Islington Tribune - by ROISIN GADELRAB Published:19 December 2008
Council tax rise fear as Town Hall pensions cash gap grows
Deficit nears £400m but finance chief says: We’ve 25 years to put it right
A RISING Town Hall pensions deficit – now nearing £400million – could force increases in council tax and sales of buildings. Islington Council’s Lib Dem finance chief Councillor John Gilbert has played down the likely impact of the growing cash gap, saying the Town Hall has 25 years to make up the difference.
He said: “By hook or by crook we’ll have to do that. It’s certainly ‘doable’. But there’s no immediate need to do anything. The local government pensions scheme is protected by law. “The council has to pay the pensions so either the investment returns have to improve or we’ll have to put more money into the scheme and we can do that either by raising council tax or from capital receipts by selling council assets. Neither of these are attractive options because we want to use our resources for residents.”
He added: “Most pensions schemes are underfunded. It’s not necessarily such bad news because they are paid out over a long period of time so the fact that we don’t have enough money now isn’t necessarily a problem. The stockmarkets have gone down so we can expect it to be worse now but we’ll look at it again in 2010.”
In the council’s accounts published in May, the pensions deficit – the difference between how much is in the coffers and how much will have to be paid out to current and former staff – stood at £333million.
But since then the economy has gone into freefall, bringing down the value of pensions investments. The deficit has now risen to nearly £400 million.

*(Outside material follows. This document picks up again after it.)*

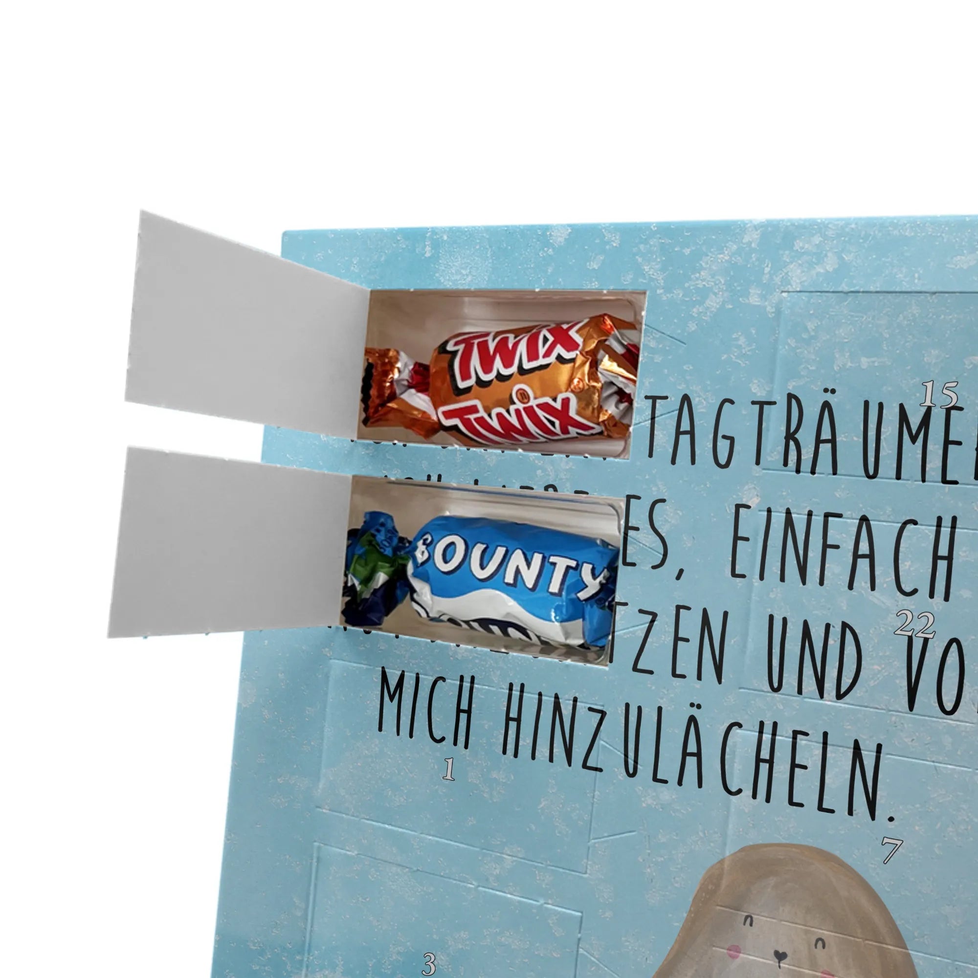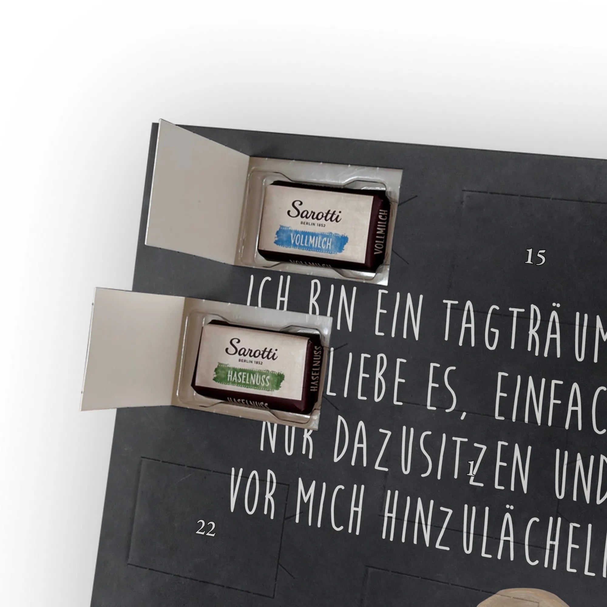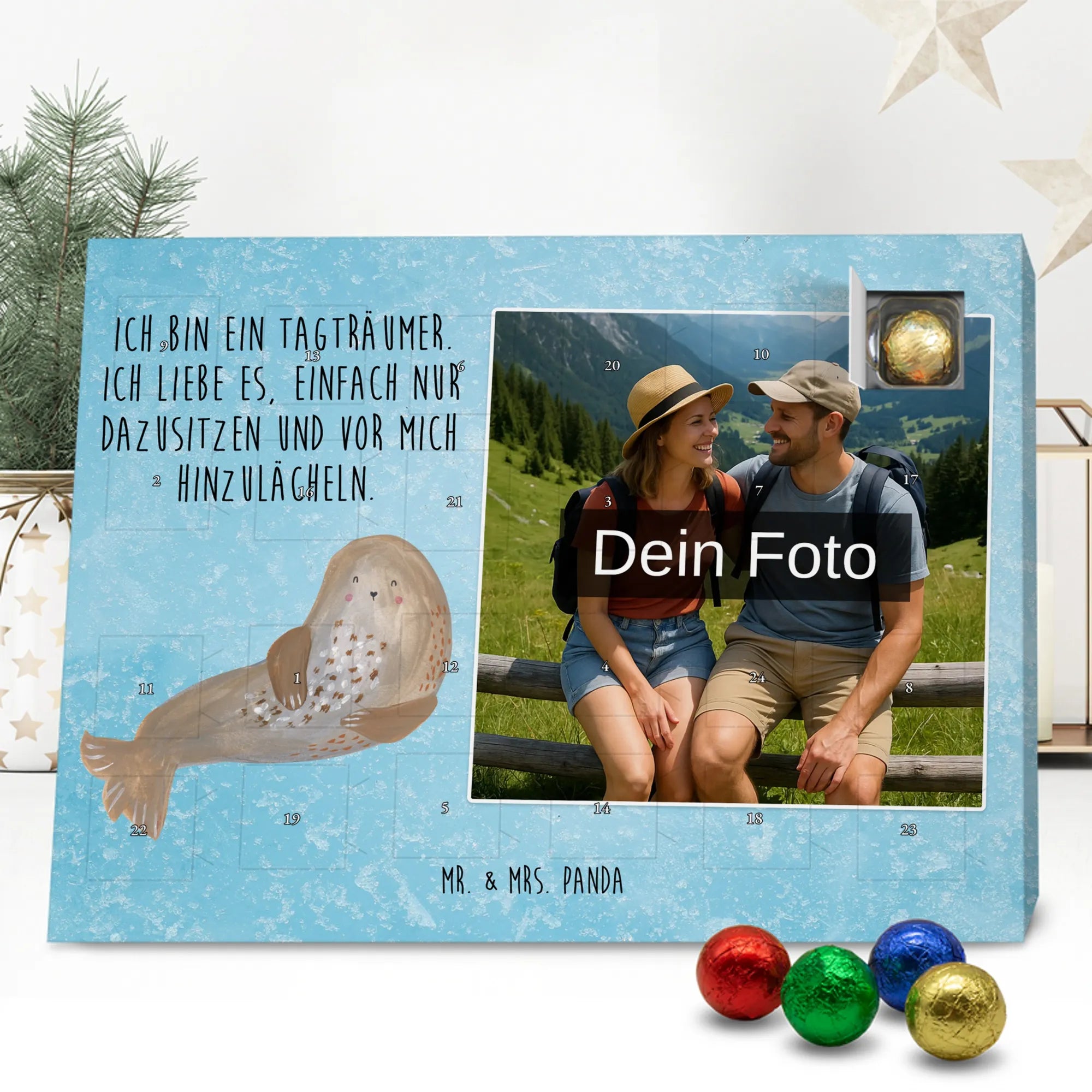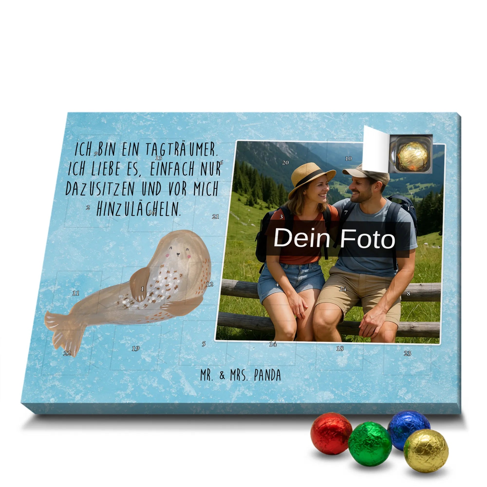 Liebevoller Foto Adventskalender personalisiert von Mr. & Mrs. Panda – der perfekte Begleiter durch die Adventszeit. Bedruckt mit unseren beliebten Motiven & Sprüchen, kannst du den Kalender mit einem persönlichen Foto versehen. Achte auf hohe Auflösung und einen passenden Bildausschnitt, damit das Motiv optimal zur Geltung kommt. Verwende nur Bilder, für die du die Rechte besitzt, um rechtliche Probleme zu vermeiden. Der Kalender bietet brillante Druckqualität, eine seidenmatte Oberflächenveredelung und bedruckte Seitenflächen. Maße: 233 mm x 178 mm x 24 mm. Besonderheit: Er lässt sich sowohl aufstellen als auch aufhängen. Bitte beachte: Die Fotos werden weder aufbereitet noch zugeschnitten, daher ist eine Rücknahme bei personalisierten Foto-Artikeln ausgeschlossen. Gefüllt mit MARKENNAMEN Schokolade und leckeren Schokoladenkugeln. Hinweis: Kann Spuren von Haselnüssen, Mandeln, Gluten und Soja enthalten. Kühl und trocken lagern. Schenke persönliche Vorfreude – jeden Tag ein kleines Highlight mit Schokolade und Erinnerungen.

The figures emerged at Islington Council’s pension fund annual meeting last week.
Economist Dr Jennifer Sharpley, who was present, afterwards criticised the lack of information in the pensions report.
She said: “There were no figures on the deficit. The council is hiding behind a lack of transparency and accountability.”
Vaughan West, branch secretary of the GMB union, which represents local government workers, said: “Very crudely, if they had to pay everyone tomorrow this is what they would have to pay. “I’m not concerned that people won’t get their pensions – the scheme is laid down in an act of Parliament and the liability is not immediate.”
He added: “There’s a long-term worry that if there are huge deficits there may be moves on a national level to try to renegotiate the pensions scheme. “At some point they will have to make it up and that will have an effect on a number of things, including council tax bills, and services.”
Former financial journalist Leo Chapman said: “If they keep paying these gold-plated pensions the residents will have to foot the bill.”